The Court was hearing a petition challenging a judgment of the Allahabad High Court through which the Court had declined to quash the order of summons and criminal complaint against the petitioner.

According to the appellants, the complaint and the proceedings were gross abuse of process of the Court having been filed after gross delay of 16 years after the incident. A case under Section 307 of IPC (attempt to murder) was filed against the appellants in 2008, for an incident that allegedly occurred in 1992.

The High Court had dismissed the petition for quashing of criminal complaint on the ground that allegation in the complaint and preliminary evidence led in support thereof made out a case for summoning and thus no case for quashing was made out.

The appellants had prayed for quashing the complaint and the summons on the ground that the complainant kept quiet for 13 years after the incident and since the complaint has been filed after 16 years, the complainant having been convicted in the cross case, the prosecution of the appellants at this stage will be unfair and futile.

The complainant had submitted that the bar of limitation does not apply beyond the statutory bar under Section 468 Cr.P.C. They submitted that a criminal offence is a wrong against the society even though committed against an individual and thus the prosecution cannot be thrown out merely on the ground of delay.

While considering various precedents on the subject, the Court observed, “Mere delay in completion of proceedings may not be by itself a ground to quash proceedings where offences are serious, but the Court having regard to the conduct of the parties, nature of offence and the extent of delay in the facts and circumstances of a given case, quash the proceedings in exercise of jurisdiction under Section 482 Cr.P.C. in the interest of justice and to prevent abuse of process of the Court.”
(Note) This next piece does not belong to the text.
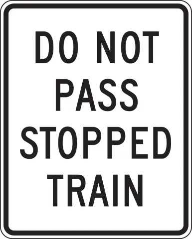 • A Do Not Pass Light Rail Transit (R15-5a) sign is used to indicate that motor vehicles are not allowed to pass LRT vehicles that are loading or unloading passengers where there is no separation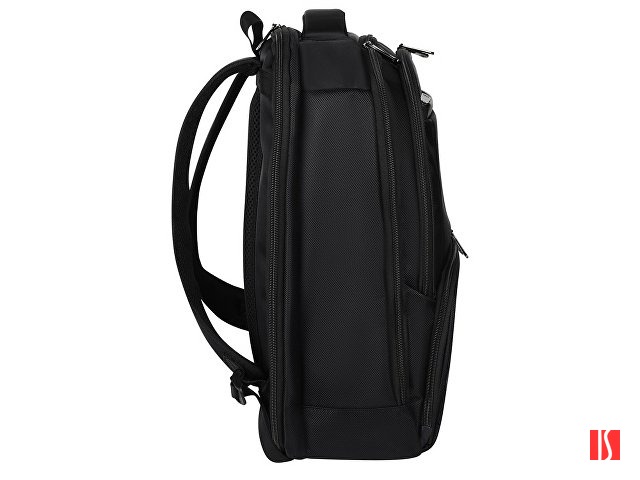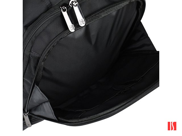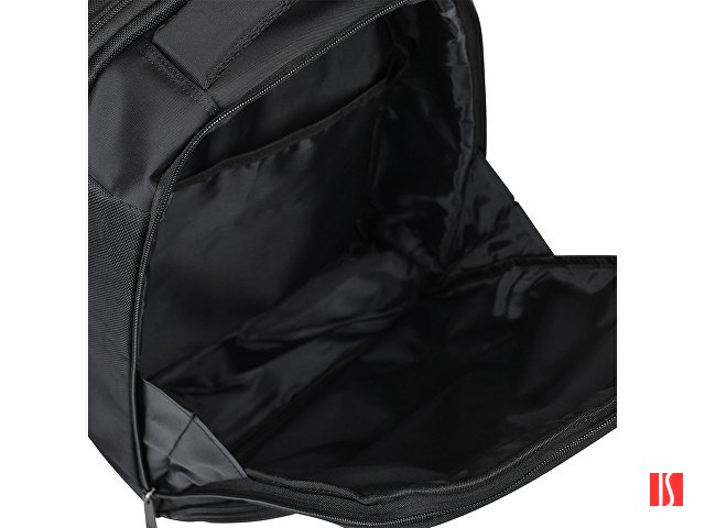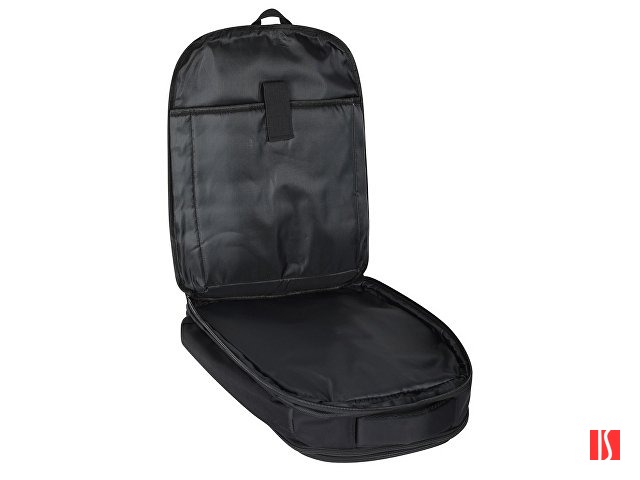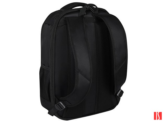 Рюкзак для ноутбука с двумя наружными фронтальными карманами на молнии. Одно отделение для ноутбука. Второе широкое отделение можно использовать для одежды при поездках в командировку. Сбоку сетчатый карман для зонта или бутылки. Сетчатая спинка. Лямки регулируются по длине. Заказать с нанесением логотипа от компании «Синтезис».

The Court took into consideration the fact that the complainant had been convicted in a cross case. Allowing the appeal, the Court observed, “At least for ten years after commencement of the trial, the complainant did not even bother to seek simultaneous trial of the cross case, the step which was taken for the first time in the year 2005 which could certainly have been taken in the year 1995 itself when the trial against respondent No.2 commenced.”

Read the Judgment here.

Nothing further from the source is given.